**Data extract:**
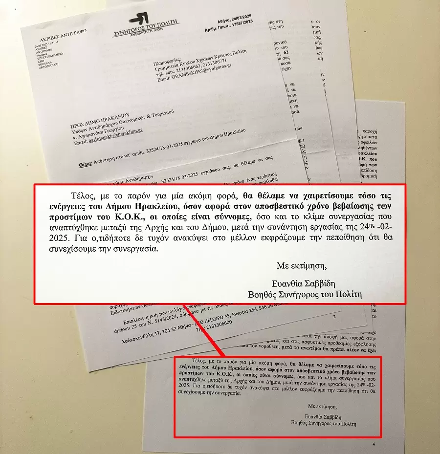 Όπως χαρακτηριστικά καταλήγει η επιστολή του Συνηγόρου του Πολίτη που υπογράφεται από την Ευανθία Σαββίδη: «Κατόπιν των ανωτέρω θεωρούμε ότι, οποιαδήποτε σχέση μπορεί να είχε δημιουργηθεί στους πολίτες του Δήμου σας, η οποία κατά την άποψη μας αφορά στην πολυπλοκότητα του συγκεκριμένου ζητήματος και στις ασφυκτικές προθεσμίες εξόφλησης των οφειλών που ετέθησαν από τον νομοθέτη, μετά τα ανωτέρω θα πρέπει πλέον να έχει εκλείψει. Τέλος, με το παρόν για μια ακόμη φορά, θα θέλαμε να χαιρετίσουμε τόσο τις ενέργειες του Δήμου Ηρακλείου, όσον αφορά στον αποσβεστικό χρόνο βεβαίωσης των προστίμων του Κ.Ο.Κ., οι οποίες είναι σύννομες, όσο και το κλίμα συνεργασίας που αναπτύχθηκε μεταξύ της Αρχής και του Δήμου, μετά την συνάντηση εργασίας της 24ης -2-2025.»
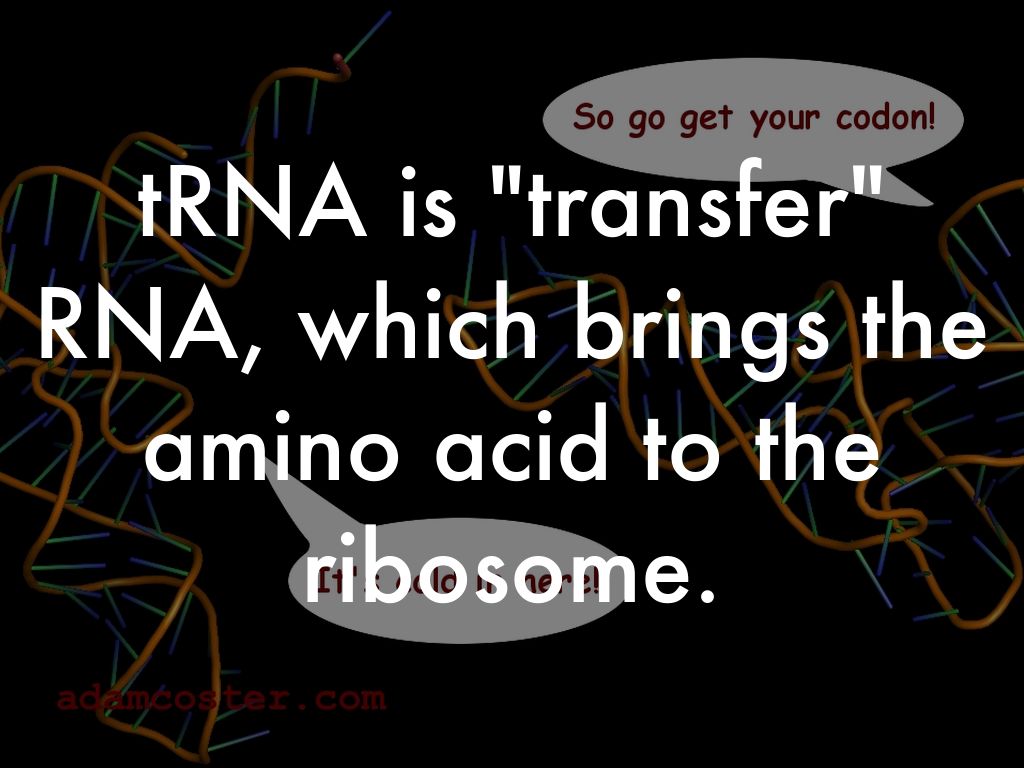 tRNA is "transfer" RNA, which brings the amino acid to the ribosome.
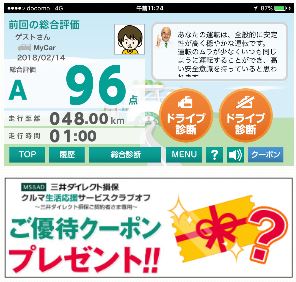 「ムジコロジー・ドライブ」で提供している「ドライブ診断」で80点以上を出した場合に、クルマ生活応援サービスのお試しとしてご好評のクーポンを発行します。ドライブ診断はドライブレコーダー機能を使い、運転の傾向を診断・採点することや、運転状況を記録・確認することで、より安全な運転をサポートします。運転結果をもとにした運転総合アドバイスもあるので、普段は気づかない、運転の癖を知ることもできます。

**Exercise goal:** The full listing above, duplicated exactly and without its pictures, is the answer.

**Solution for this task:**
 Όπως χαρακτηριστικά καταλήγει η επιστολή του Συνηγόρου του Πολίτη που υπογράφεται από την Ευανθία Σαββίδη: «Κατόπιν των ανωτέρω θεωρούμε ότι, οποιαδήποτε σχέση μπορεί να είχε δημιουργηθεί στους πολίτες του Δήμου σας, η οποία κατά την άποψη μας αφορά στην πολυπλοκότητα του συγκεκριμένου ζητήματος και στις ασφυκτικές προθεσμίες εξόφλησης των οφειλών που ετέθησαν από τον νομοθέτη, μετά τα ανωτέρω θα πρέπει πλέον να έχει εκλείψει. Τέλος, με το παρόν για μια ακόμη φορά, θα θέλαμε να χαιρετίσουμε τόσο τις ενέργειες του Δήμου Ηρακλείου, όσον αφορά στον αποσβεστικό χρόνο βεβαίωσης των προστίμων του Κ.Ο.Κ., οι οποίες είναι σύννομες, όσο και το κλίμα συνεργασίας που αναπτύχθηκε μεταξύ της Αρχής και του Δήμου, μετά την συνάντηση εργασίας της 24ης -2-2025.»
 tRNA is "transfer" RNA, which brings the amino acid to the ribosome.
 「ムジコロジー・ドライブ」で提供している「ドライブ診断」で80点以上を出した場合に、クルマ生活応援サービスのお試しとしてご好評のクーポンを発行します。ドライブ診断はドライブレコーダー機能を使い、運転の傾向を診断・採点することや、運転状況を記録・確認することで、より安全な運転をサポートします。運転結果をもとにした運転総合アドバイスもあるので、普段は気づかない、運転の癖を知ることもできます。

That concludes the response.